On page 343 in the book Arithmetic of Elliptic Curves by Silverman, we have the following result:
Proposition 5.4. Assume that $char(K)\neq 2,3$, and let $$ n = \begin{cases} 2 & \text{if }j(E) \neq 0,1728, \\ 4 & \text{if }j(E) = 1728, \\ 6 & \text{if }j(E) = 0. \end{cases} $$ Then $Twist((E,O)/K)$ is canonically isomorphic to $K^*/(K^*)^n$.
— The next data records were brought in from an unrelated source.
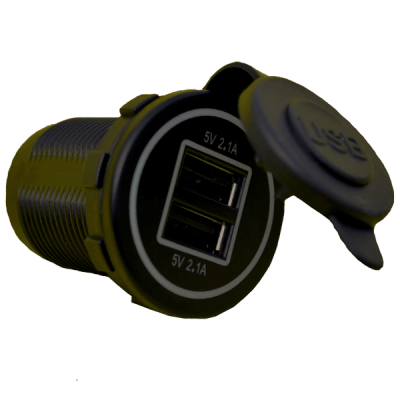 SMART version dual USB 4.2 Amp charging jack autodetects Apple and other brands of phones and tablets for a charge at the maximum rate! Compatible with 12 or 24 Volt DC input, and mounts in a 1-1/8″ hole. Suitable for Experimental aircraft, cars, boats, motorcycle, RV, anywhere you need a charging jack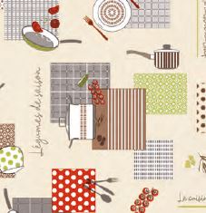 Клеёнка на нетканой основе "Dekorama" "Посуда" сер.-кор.-салатн.-кр. на беж. шир.1,4м 043A *20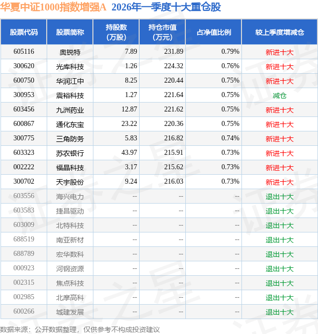 从基金规模来看,华夏中证1000指数增强A基金2026年一季度公布的基金规模为1.0亿元,较上一期规模4.26亿元变化了-3.25亿元,环比变化了-76.42%。该基金最新一期资产配置为:股票占净值比90.25%,无债券类资产,现金占净值比9.72%。从基金持仓来看,该基金当季前十大股票仓位达7.48%,第一大重仓股为奥锐特(605116),持仓占比为0.79%。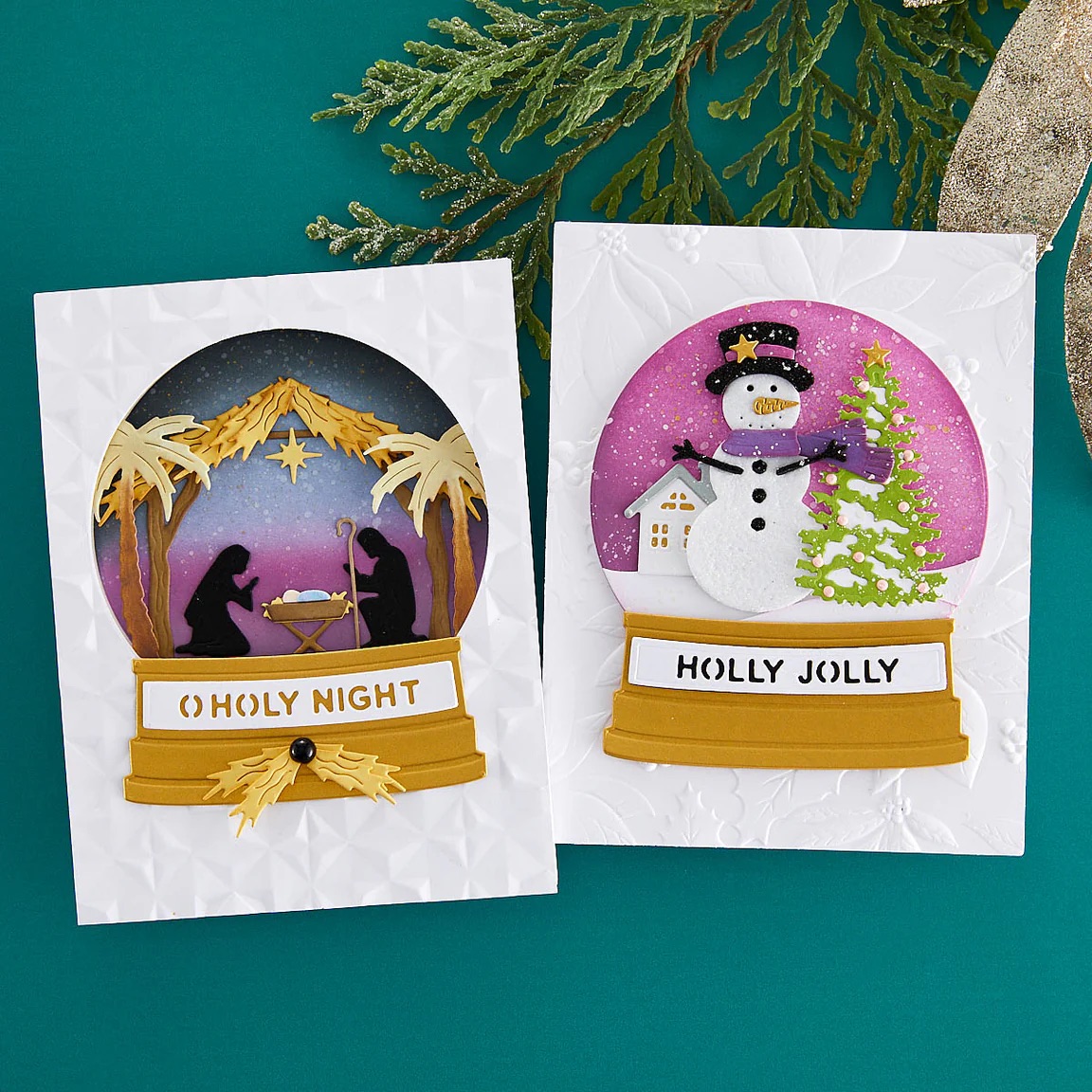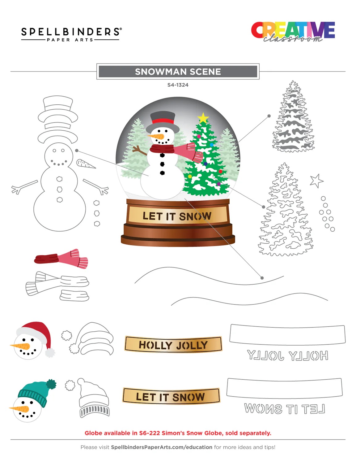 這組刀模為「Simon's Snow Globes Collection」系列的夢幻雪景場景,設計搭配 S6-222《冬季水晶球刀模組》使用。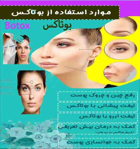 **بوتاکس:** بوتاکس عمدتاً برای کاهش چین و چروکهای ناشی از انقباض عضلات صورت استفاده میشود. این چروکها، که غالباً در نواحی پیشانی، خط اخم و اطراف چشم (خطوط پنجه کلاغی) ظاهر میشوند، با تزریق بوتاکس به عضلات مربوطه، به طور موقت فلج شده و در نتیجه، پوست صافتر به نظر میرسد. اثر بوتاکس معمولا بین 3 تا 6 ماه ماندگار است.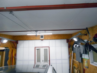 ガレージ扉は当初はガレージ(小)と同じ「スイングアップドア」にするつもりでしたが、このスイングアップタイプのドアはドア幅で室内に伸びるレールが必要で、開閉用のワイヤーも天井の真ん中を通る事、そしてドアを開けるとドアそのものが室内に入り込んできてしまうので、ドア周辺のスペースが結構犠牲になってしまう事から、違うタイプのドアを製作する事にします。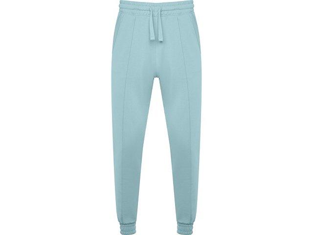 Прямые удлиненные брюки с манжетами на штанинах. Регулируемый эластичный пояс со шнуровкой. Два боковых кармана.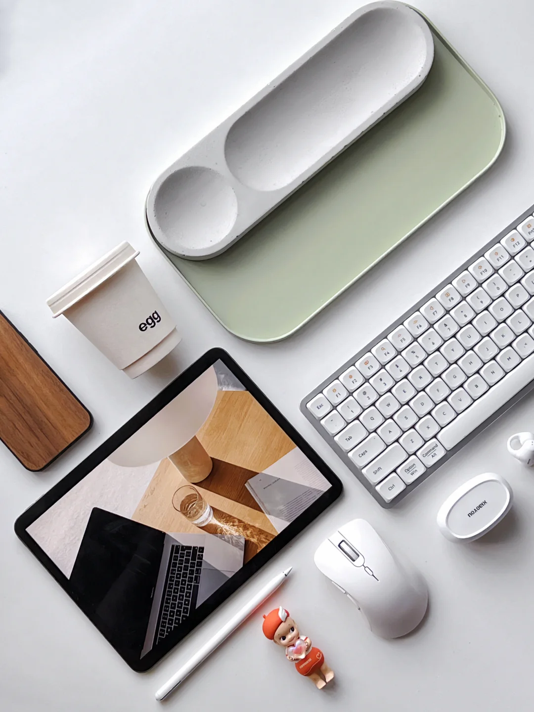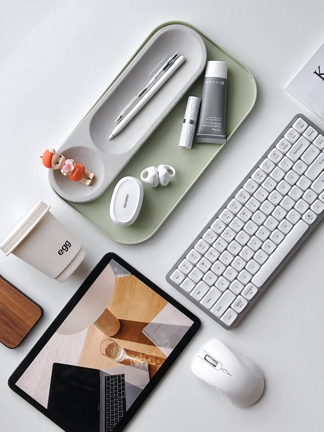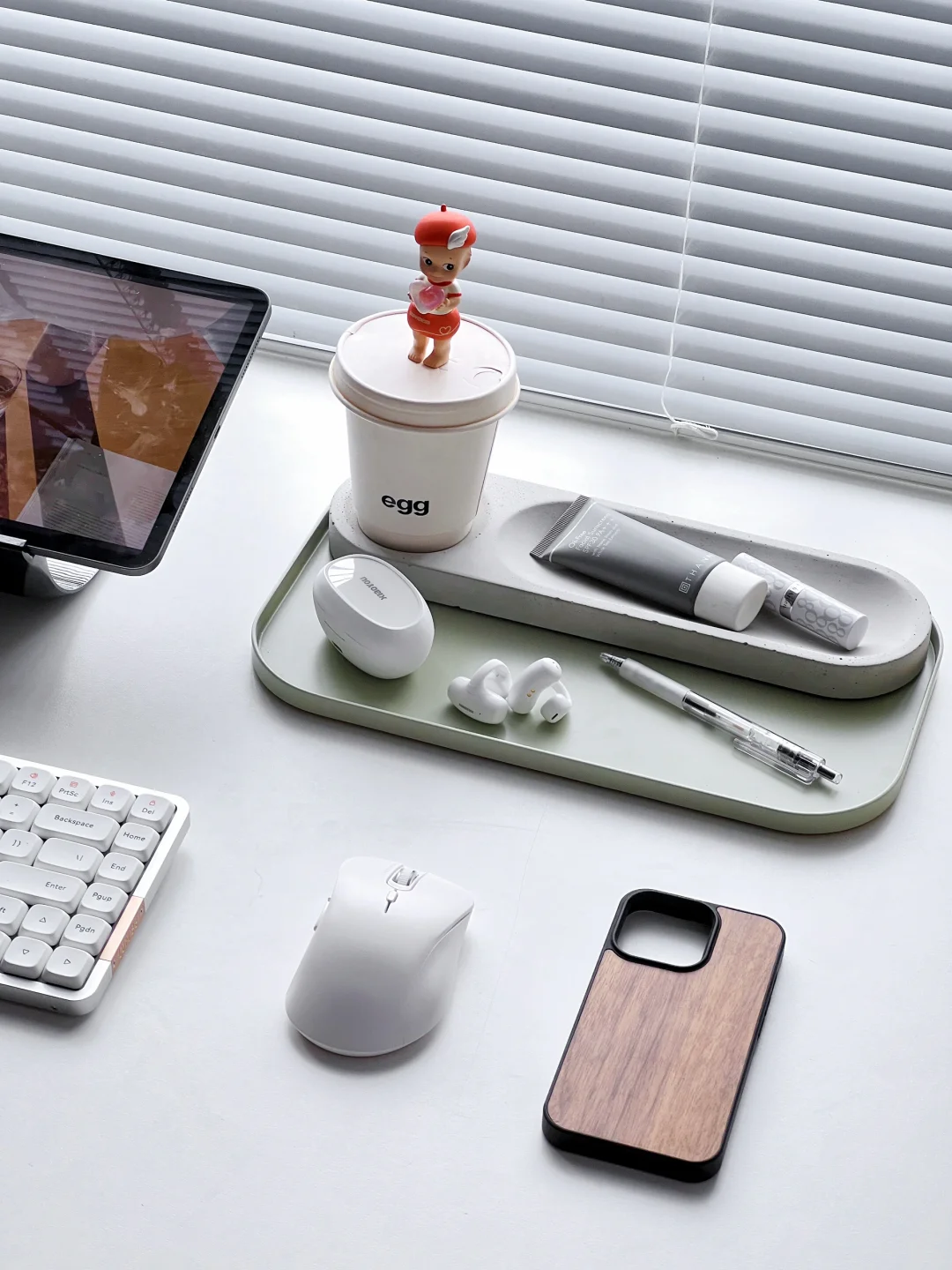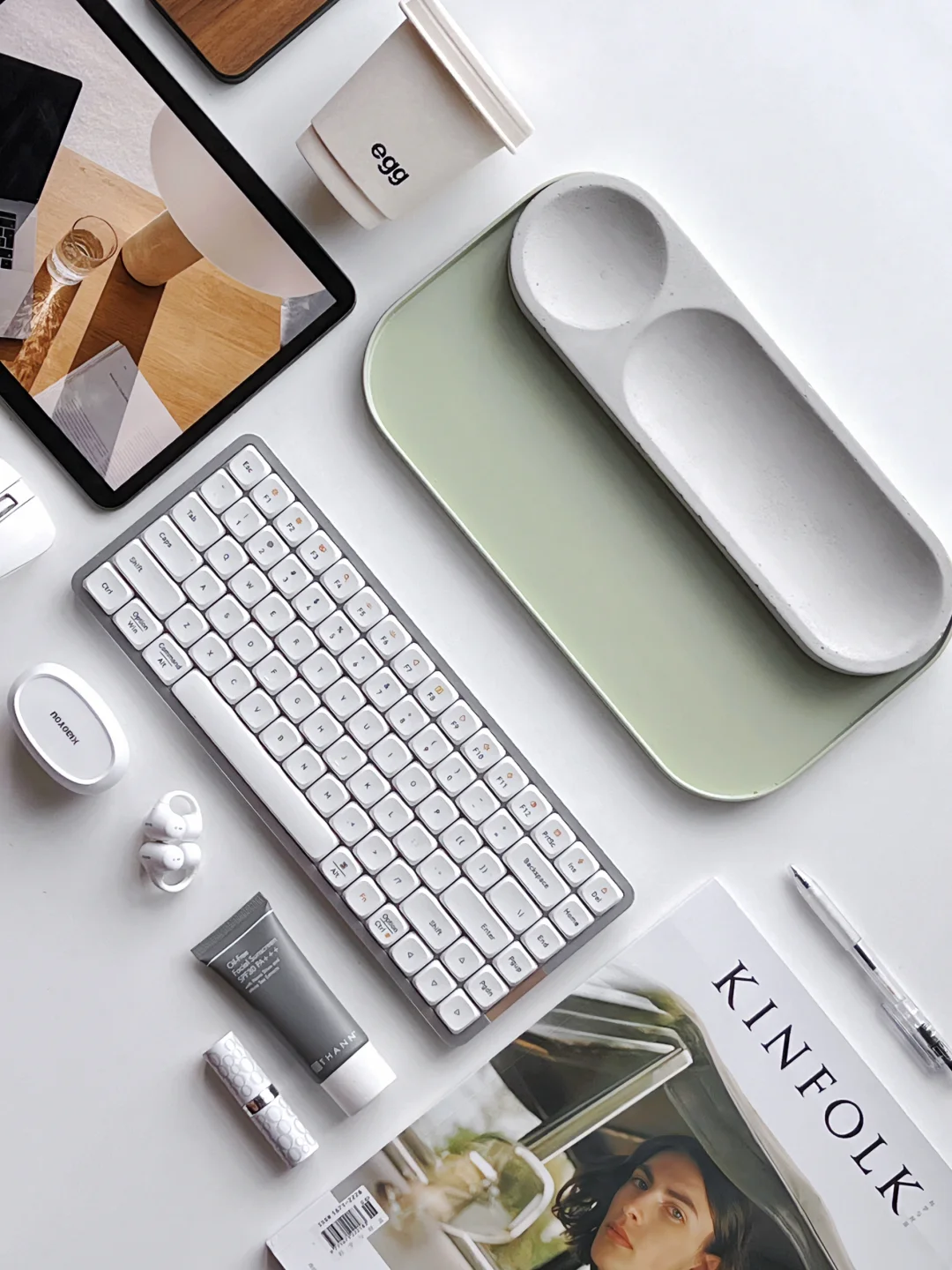 今日份极简风书桌分享 干净整洁的ins风桌面 只需一眼就氛围感满满。 - 🏷ipadpro 生产力工具 🏷Camino多功能极简桌面收纳 喜欢薄荷绿的色彩,水泥磁吸收纳+铁盘可分离式设计,底部有软木保护桌面,细节很到位! 🏷Lofree 小顺矮轴键盘 🏷Elecom 蓝牙鼠标 🏷Loomma ipad支架 🏷小幽蓝牙挂耳式耳机 🏷Sanlinba手机壳 🏷芭比粉花苞台灯 🏷Sonny Angel手办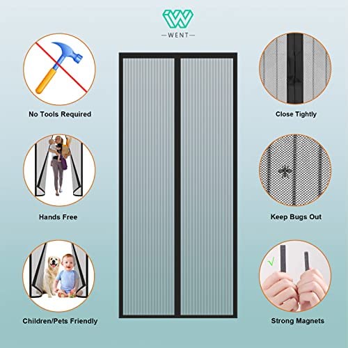 Moustiquaire Porte Fenetre Magnétique 180×220 cm, Rideau Anti Moustique Convient à Toutes les Tailles de Portes de Balcon, de Portes de Salon, de Portes Extérieures, de Portes Coulissantes, etc. Noir

More precisely, choose a Weierstrass equation $$E: y^2 = x^3 + Ax + B$$ for $E/K$ and let $D \in K^*$. Then the elliptic curve $E_D \in Twist((E,O)/K)$ corresponding to $D (\mod (K^*)^n)$ has Weierstrass equation
(i) $E_D: y^2 = x^3 + D^2Ax + D^3 B$ if $j(E) \neq 0,1728$,
(ii) $E_D: y^2 = x^3 + DAx$ if $j(E) = 1728$ (so $B=0$),
(iii) $E_D: y^2 = x^3 + DB$ if $j(E) = 0$ (so $A=0$).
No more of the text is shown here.